Joe “Jellybean” Bryant, a former NBA player, WNBA coach and the father of Kobe Bryant, has died at the age of 69.
La Salle University, the school in Philadelphia where Bryant played from 1973 to 1975, confirmed the news. No cause of death was given. La Salle men’s basketball coach Fran Dunphy told The Philadelphia Inquirer that Bryant suffered a massive stroke recently.
“He was a beloved member of the Explorer family and will be dearly missed,” La Salle said in a statement.
A Philadelphia native, Bryant starred at La Salle, averaging 20.3 points and 11.1 rebounds per game across two seasons before being drafted by the Golden State Warriors with the No. 14 pick in 1975. His rights were sold to the Philadelphia 76ers later that year and he spent his first four years in the NBA in Philadelphia, averaging 8.7 points per game.
It was in Philadelphia where his third and youngest child, Kobe, was born in 1978. Bryant gave him the middle name Bean, derived from his own nickname.
Bryant overcame early career struggles, including a rookie-year arrest, to carve out a regular role with the 76ers. After his stint in Philadelphia, he played three seasons with the San Diego Clippers — averaging a career-high 11.8 points in 1981-82 — and then one season with the Houston Rockets before finishing his career internationally.

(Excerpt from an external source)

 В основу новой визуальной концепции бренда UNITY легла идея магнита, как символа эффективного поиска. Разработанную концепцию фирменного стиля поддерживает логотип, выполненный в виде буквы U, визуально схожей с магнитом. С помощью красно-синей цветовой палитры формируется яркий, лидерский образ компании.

Overseas, he played with five different European teams. Kobe later credited his time in Reggio Emilia (the city of his father’s final Italian team, Reggiana) for being the place where the future Hall of Famer fell in love with basketball.

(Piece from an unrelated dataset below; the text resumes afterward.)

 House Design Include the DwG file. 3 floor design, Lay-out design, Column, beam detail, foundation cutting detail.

After Bryant’s playing career ended with a stint in France, he took to coaching with a job as the women’s basketball coach at Akiba Hebrew Academy in Lower Merion, Pa., the area where Kobe would later attend high school (at Lower Merion High).
Bryant left Akiba to become an assistant coach at La Salle in 1993, where he stayed until Kobe was drafted in 1996. He later returned to coaching in 2003, coaching for the next 12 years with eight different teams, including the Los Angeles Sparks on two occasions. He coached a Lisa Leslie-led 2006 Sparks team to the Western Conference finals.
His final year of coaching came in 2015 with the Rizing Zephyr Fukouka of the Japanese professional B.League.
Bryant’s relationship with his son was reportedly strained during Kobe’s career, as the Los Angeles Times reported that Kobe had a fallout with his parents and neither Joe nor Pamela, Kobe’s mother, attended their son’s wedding in 2001. After the Lakers’ championship in 2001, Kobe was famously photographed holding the trophy in the shower, a moment in which he later said he was thinking about his father.
Kobe’s death preceded his father’s by four and a half years, as the Los Angeles Lakers great died in a helicopter crash on Jan. 26, 2020.